The companies say the lawsuit is a distraction from efforts mediate problems related to lead paint.
In many cases companies stopped producing lead in paint decades ago and have addressed the issue responsibly, said Bonnie Campbell, former attorney general of Iowa and now a lawyer representing Atlantic Richfield, Cleveland-based Sherwin Williams, Millennium Holdings LLC of Houston and NL Industries Inc. of Dallas.
“If decreasing exposure of children to deteriorating lead paint is the goal, then a proper public policy response is certainly not litigation that promises to go on for years, maybe decades,” she said.
Rhode Island became the first state to sue paint manufacturers in 1999.
Last year, a jury there found three of the companies – Sherwin-Williams, NL Industries and Millennium Holdings – liable for creating a public nuisance. The companies have appealed the jury’s verdict to the state Supreme Court.

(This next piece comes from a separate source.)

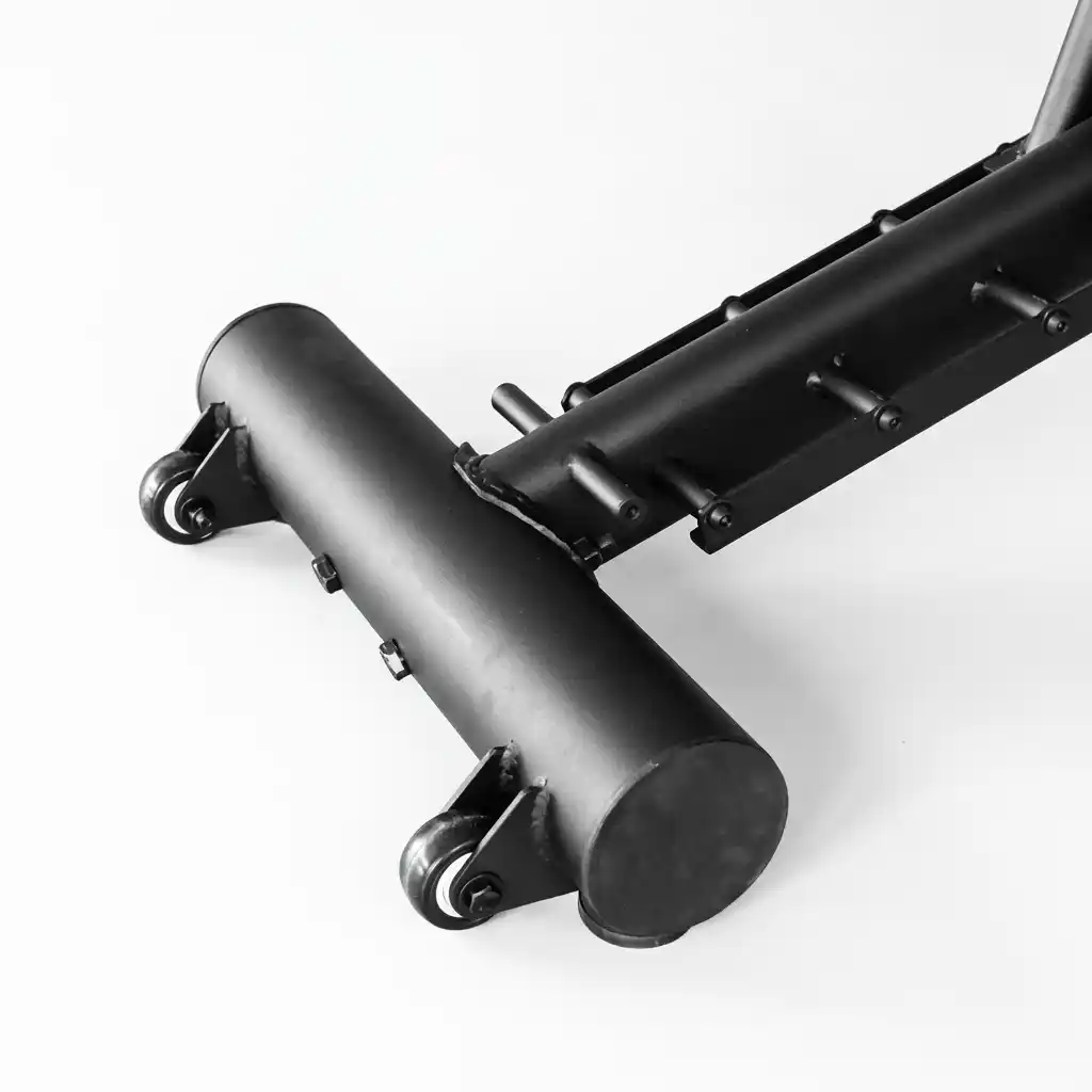 Despite its heavy-duty build (33kg), the bench is designed for easy movement. It features an integrated handle on the front leg and sturdy rubber casters on the rear. This “lift and roll” system allows virtually anyone to move the bench effortlessly around the gym floor. Whether you need to slide it into a power rack for bench presses or move it aside for deadlifts, the mobility ensures your gym space remains flexible and adaptable.

The federal government banned lead paint in 1978, but it still turns up in older buildings. Lead in the bloodstream can cause neurological damage and learning disabilities, especially in children.
Ohio Gov. Ted Strickland, a Democrat, vetoed a Republican-backed bill this year that would place limits on consumer fraud lawsuits.
Republicans argue the veto was invalid because the bill was adopted before Strickland took office. The bill would place a $5,000 limit on certain court damages and create new protections for companies that once sold lead paint.
Strickland and his legal advisers say the veto should stand because the former governor, a Republican, never signed it. The bill would have automatically become law in Ohio after 10 days, but Strickland said that did not occur before the veto. Republicans say it did.
The other companies named in the lawsuit are Delaware-based DuPont; Augusta, Maine-based American Cyanamid Co.; Atlanta-based Armstrong Containers Inc.; Naperville, Ill.-based Conagra Grocery Products Co., West Paterson, N.J.-based Cytec Industries Inc.; and Houston-based Lyondell Chemical Co.